Why This Matters for INP

Google’s Core Web Vitals are increasingly focusing on the "Total Blocking Time" and its impact on user perception. While we used to worry about the "Main Thread" being blocked by long-running calculations, we now realize that the "Main Thread" is often blocked by the *cleanup* of our own convenience.

A Minor GC pause of 10ms might not seem like much, but when it happens right after a user taps their screen, it pushes the entire browser rendering pipeline back. It adds to the Input Delay, the Processing Duration, and the Presentation Delay.

Final Thoughts: The Middle Ground

I’m not advocating for writing 1990s-style C code in JavaScript. Immutability, closures, and high-level abstractions make our lives easier and our code safer.
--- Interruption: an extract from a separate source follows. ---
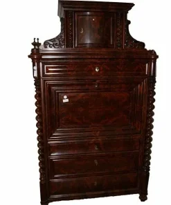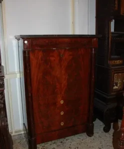 Secretaire francese del 1800 stile Impero in legno di mogano e piuma di mogano
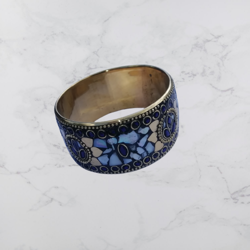 Dropship Bohotusk Blue and Aqua Marine Mosaic Brass Bangle Bracelet

However, we need to stop pretending that memory allocation is free.

If your INP is failing and you’ve already optimized your long tasks, look at the "Scavenge" count. If you're seeing more than 2 or 3 Minor GCs per second during interaction phases, you are sabotaging your performance with short-lived objects.

Clean up your loops, reuse your objects, and remember: The fastest garbage collection is the one that never has to run.